Editor's note: CGTN's First Voice provides instant commentary on breaking stories. The daily column clarifies emerging issues and better defines the news agenda, offering a Chinese perspective on the latest global events.

Given the "recent upsurge in raw great-power competition," it is unclear whether the U.S., China and Russia would help each other when aliens invade. Could we expect them to stand together on climate?

This is the central question in Thomas L. Friedman's November 1 opinion piece for the New York Times titled "Would Russia or China help us if we were invaded by space aliens?" By arguing that the absence of the Chinese and Russian presidents' physical presence at COP26 and claiming China is tying climate cooperation to issues like human rights, Hong Kong, Taiwan and trade, Friedman doesn't inspire optimism for global cooperation.

If we dispense with the theatrics and the incomparable nature of an alien invasion and the climate crisis, is the situation really like what Friedman described?

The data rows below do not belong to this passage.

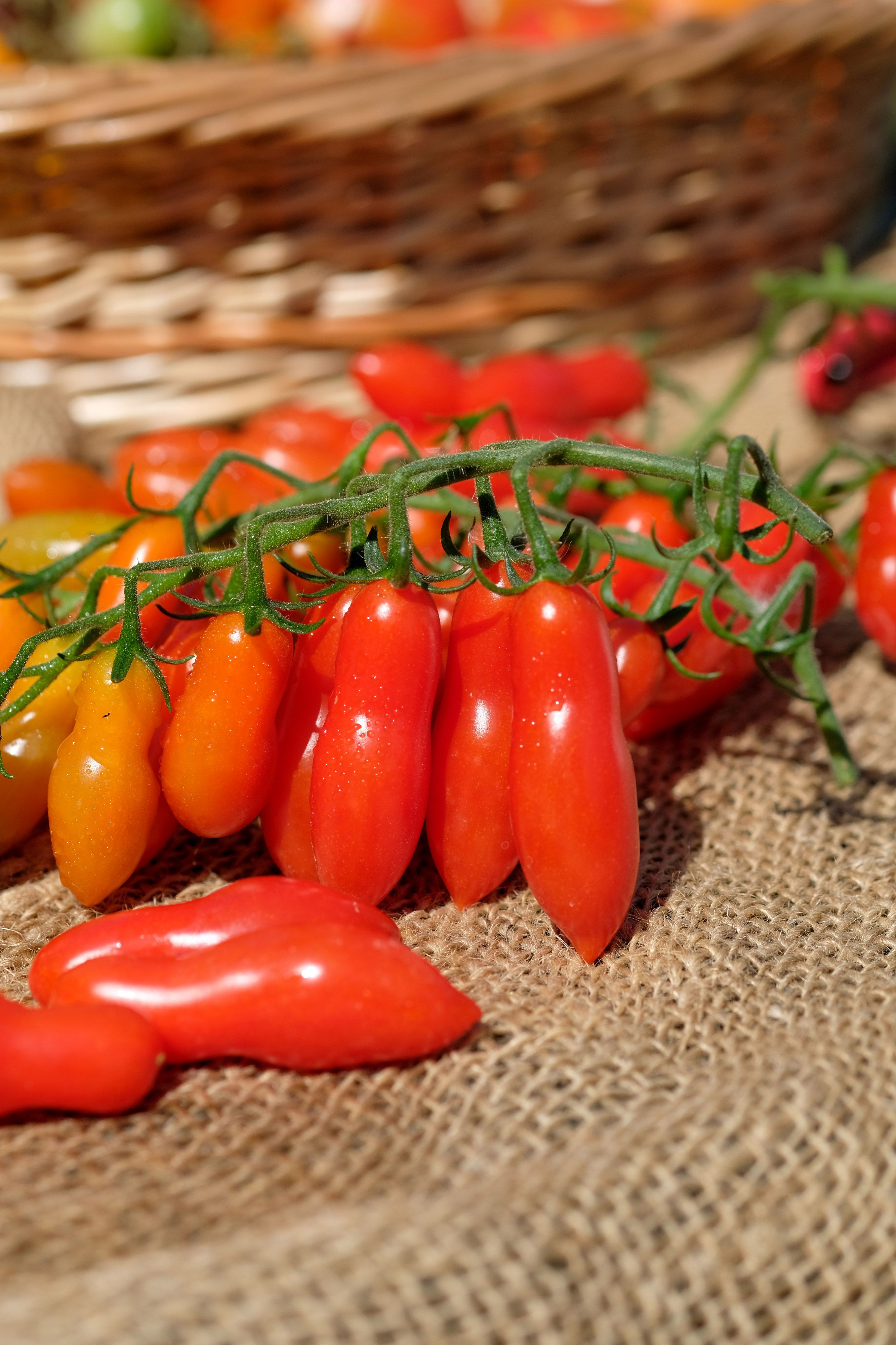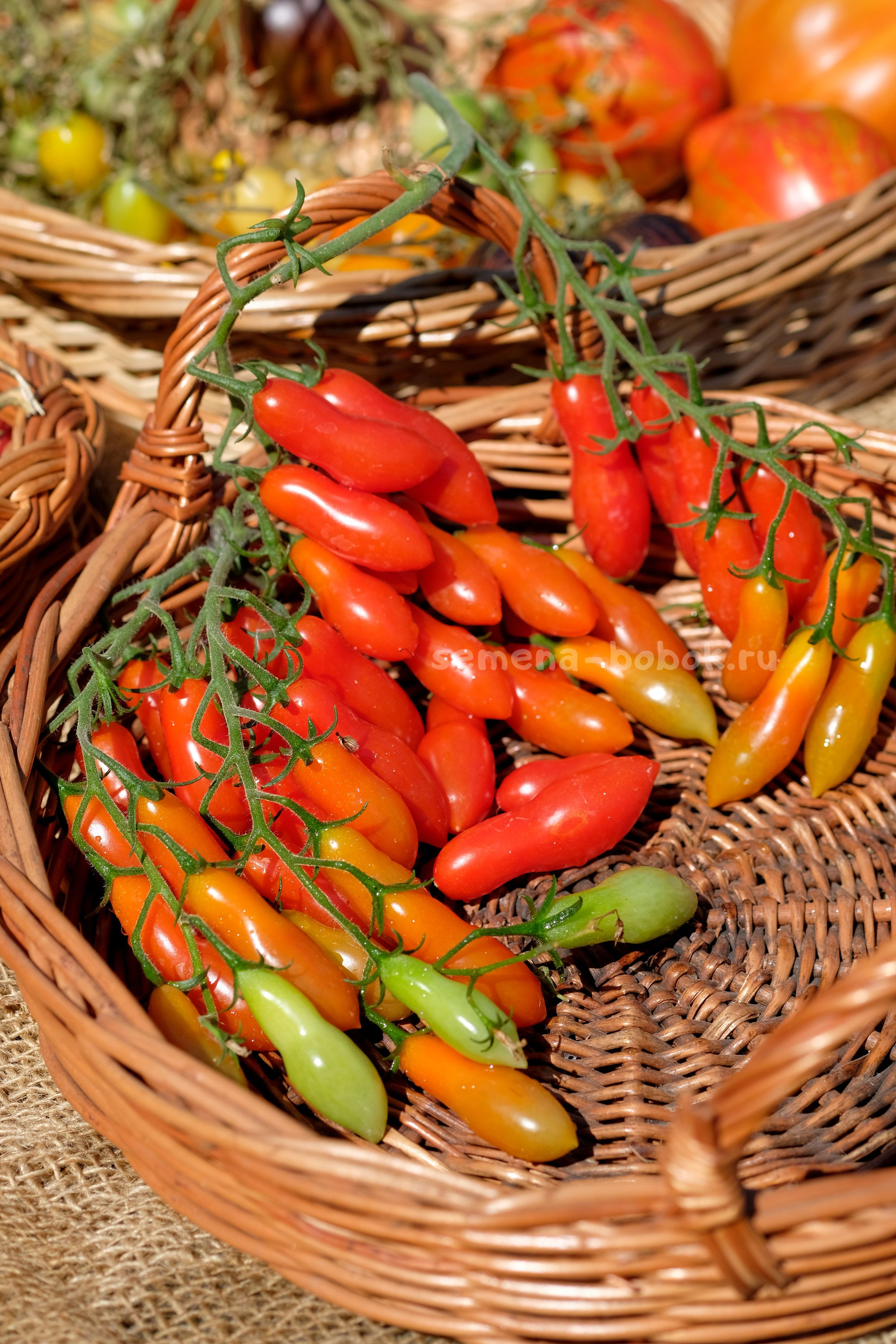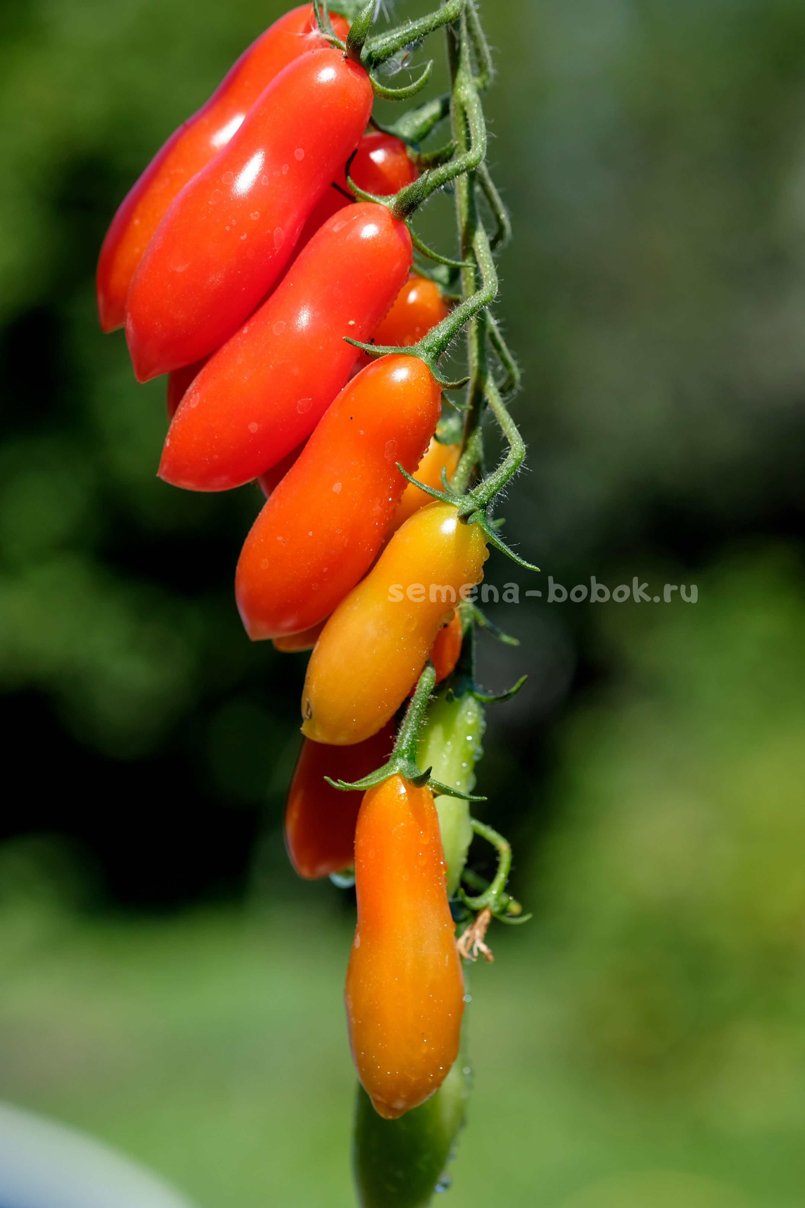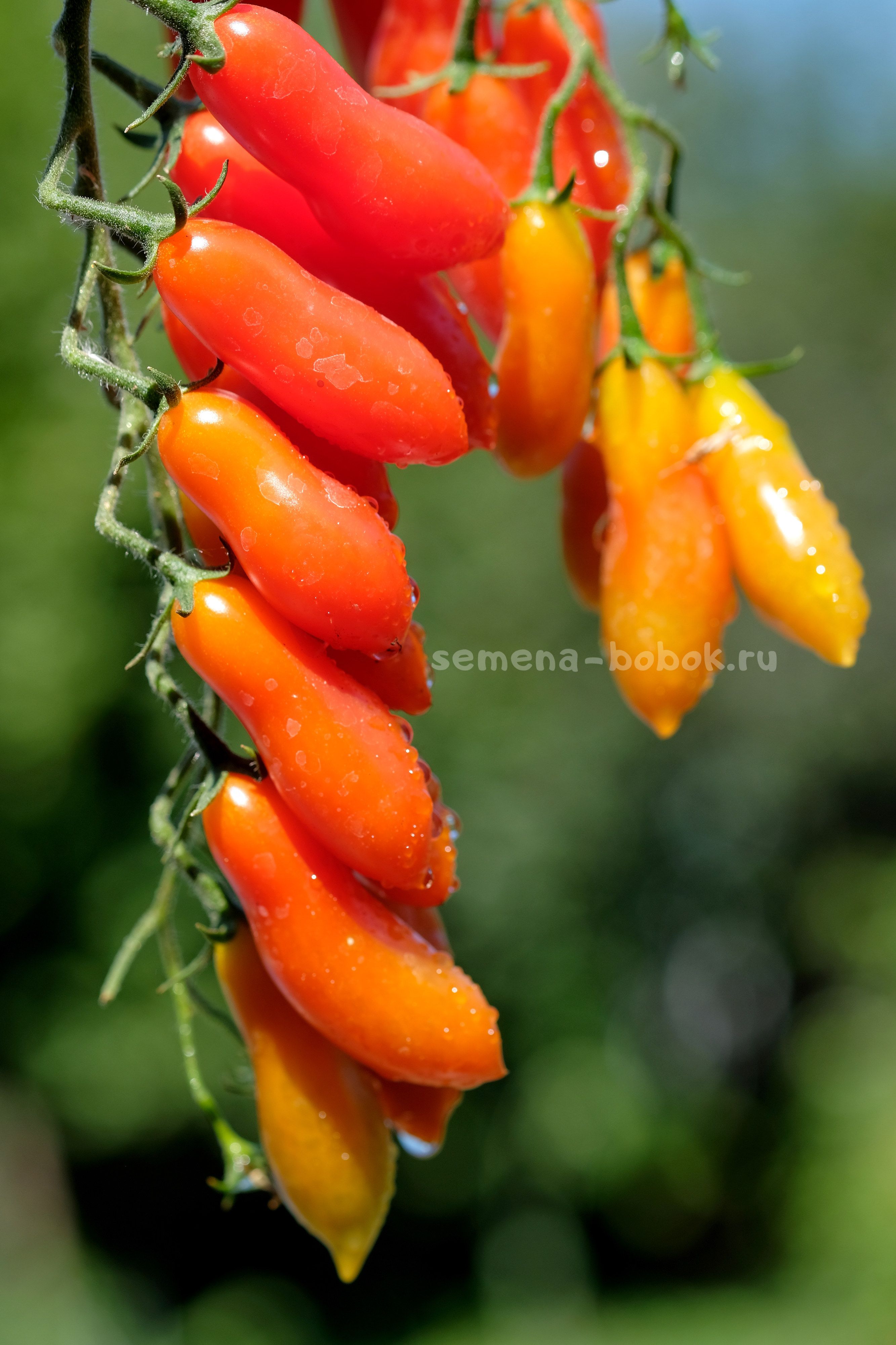 Томат черри с простыми и сложными кистями. Плоды удлиненной формы, весом около 15 грамм. Очень сладкие! Стенка толстая и хрустящая, по консистенции очень похож на Танцующие Зеленые Пальчики - такой же вкусный, хрустящий, только красный. Семян в нем также практически нет.
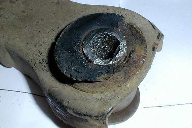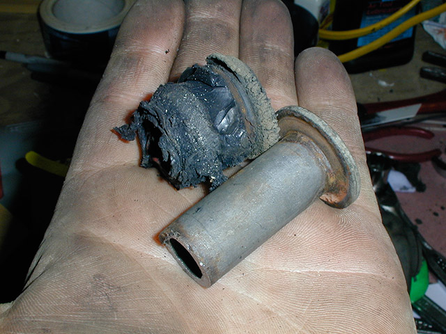 Voila!The rubber and inner bushing (with one end of the spindle cut off) removed from the outer bushing.
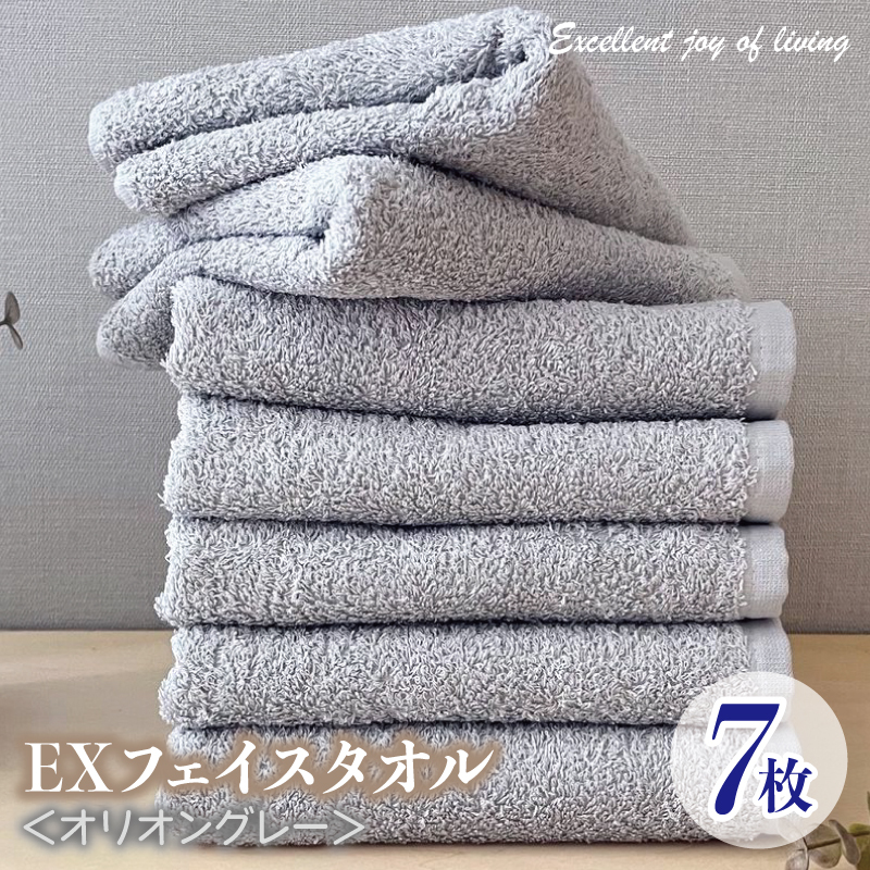 泉州タオル EXフェイスタオル7枚セット(オリオングレー)【泉州タオル 国産 吸水 普段使い 無地 シンプル 日用品 家族 ファミリー】 099H3640
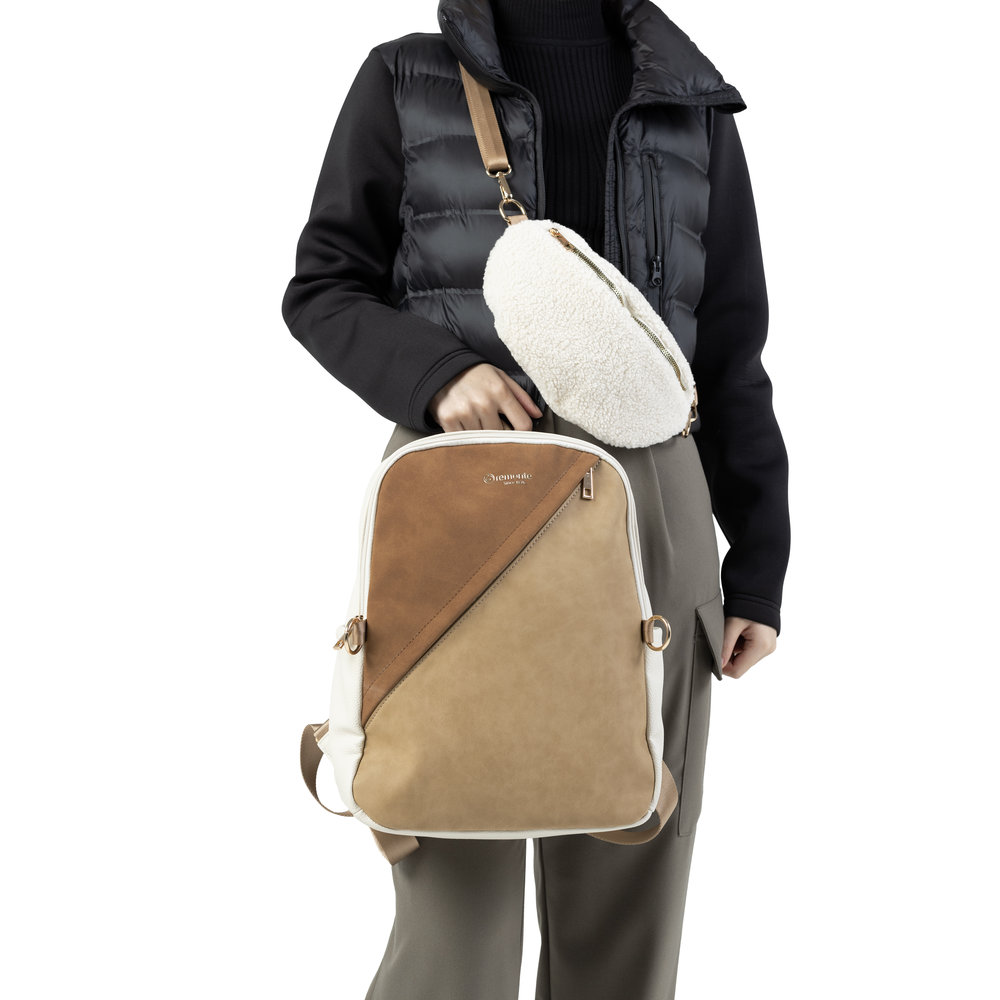 Remonte White and Coffee Backpack with White Furry Detatchable Cross Body Bag
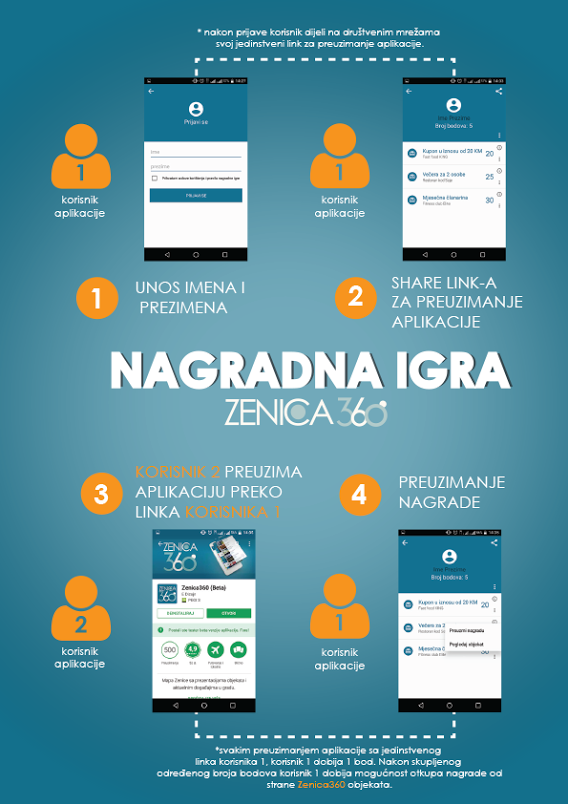 Zenica360 nagradna igra – Preuzmite Zenica360 mobilnu aplikaciju i automatski učestvujte u Zenica360 nagradnoj igri. Nagrade koje možete osvojiti poklanjaju objekti i sponzori Zenica360 projekta. Svaka nagrada vrijedi određeni broj bodova koje morate skupiti kako biste osvojili neku od tih nagrada.
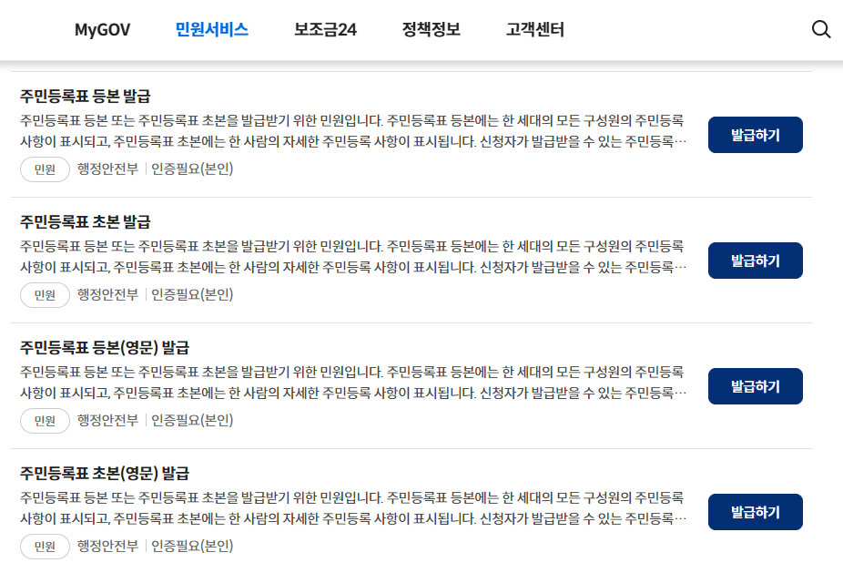 주민등록표 등본 또는 주민등록표 초본 본인에 맞는 걸로 발급하기 버튼 클릭!

China is the world's leading producer of renewable energy. By 2016, four out of the world's five largest renewable energy deals were by Chinese companies. According to the International Renewable Energy Agency's annual report, renewable energy jobs reached 12 million globally in 2020. Four in ten renewable energy jobs are in China. The proportion of coal in the country's energy mix is at a historic low, down to 57 percent in 2020 from 72 percent in 2005. And for the first time, China's renewable energy capacity is expected to surpass coal-based power generation in 2021.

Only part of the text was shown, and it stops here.